Their artistic work is focused on the use of ceramic materials to which industrial techniques are applied, often generating new hybrids materials thanks to a highly experimental approach. Starting from the 80’s Bertozzi & Casoni take part to the recovery of the Italian majolica tradition bound to the experiences of “La Nuova Ceramica”, exhibiting in important collective exhibitions in Italy and to a serie of exhibitions dedicated to the Italian contemporary ceramic art in Japan. In the 90’s they do important public works, such as the urban path with fountains and sculptures in the Tama district in Tokyo. They have been invited to represent Italy during the 53rd “Biennale” in Venice in 2009.

Antonio Fiorini

(Brindisi, 1980). After the Art School he attends the Brera Academy. In his twenties, he takes part to the show “Pitture. 21 artisti del XXI secolo” (Paintings. 21 artists of the XXI century), curated by Massimo Guastella, Castello Aragonese, Otranto, and in 2003 he is selected by Luca Beatrice and Norma Mangione for the collective exhibition “XS. Extra Small (Galleria San Salvatore, Modena); in the same year he wins the first prize at the “Salon Primo”, at the Museum of the Permanente in Milan, and in 2004 one of his art works is recommended by Luciano Caramel at the “Michetti Award”, Fondazione Michetti, Francavilla al Mare. Since then, he has taken part to several personal and collective exhibitions, until his recent participation to the Biennale Award of Contemporary Art Saint-Vincent 2012, which has named it among the 44 young artists selected by the directors of the Academies of the 25 States belonging to the European Community.

Daniel Gonzalez

(Buenos Aires, Argentina, 1963).

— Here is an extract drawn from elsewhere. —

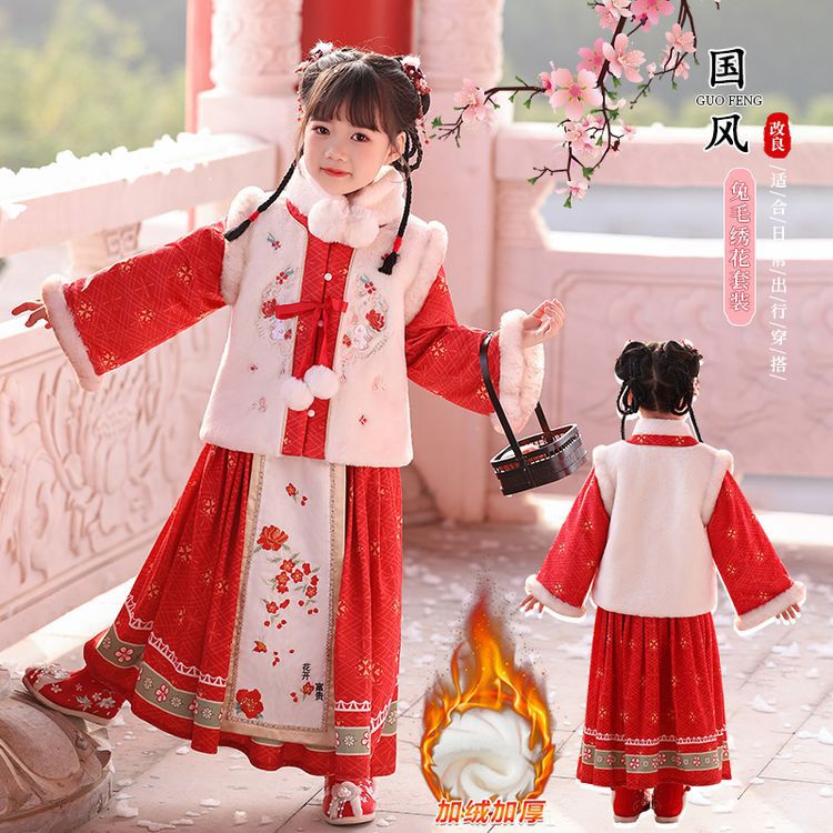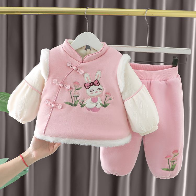 女の子の新年の服のウサギの馬のスカートのスーツの2024の新型の冬の服の子供の唐の服の厚い正月の服の2つのセット

He lives and works between Berlin and New York. He has taken part on big exhibitions and public works, the last of which is “Pop-up museo Disco Club”, made for the “Biennale” of the Barrio Museum in New York in 2011, and “Pop-up building”, transformation of a classic Rotterdam architectural structure in a “carton fairytale”, through the pop-up books look, open during the festival Witte de With Straat 2010. Also the two big scale works created in co-operation with the Italian artist Anna Galtarossa cannot be forgotten: “Chili Moon Town Tour”, a floating Utopian city of dreams, inaugurated at the Lago Mayor di Bosque de Chapultepec in Mexico City in 2007, and “Homeless Rocket With Chandeliers”, setting created at Lambrate (Milano) in the same year on a crane “contaminated” by objects and materials referring to the “street culture”.

CaCo3

The group CaCO3 was founded in 2006 on the initiative of three artists, Aniko Ferreira da Silva, Giuseppe Donnaloia and Pavlos Mavromatidis, after having shared the experience of training at the "School for the Restoration of Mosaics" in Ravenna. Chemical formula of calcium carbonate, or limestone, the name CaCO3 refers to a raw material commonly used for the realization of the mosaics. The study and practice of traditional technique and the direct contact with the mosaic works of the past, made ​​possible during the years of study and work experience in restoration sites, contributes to the sharing of a common reflection on the formal aspects of the mosaic and their elaboration, aimed at finding new possible relationships between light and matter.

Rita Miranda

Rita Miranda was born in Todi, where she lives and works. When she was very young, she started joining the practice of the drawing and painting techniques to the scientific studies. She has found in the Raky ceramic the technique which better combines her creative needs to the sensitivity and inspiration to the forms of nature. Her works have been displayed in several personal and collective exhibitions. She has taken part to the Biennale of Contemporary Ceramic Art, Scuderie Aldobrandini, Frascati (2012) and to the Biennale of Venice, Padiglione Italia (2011).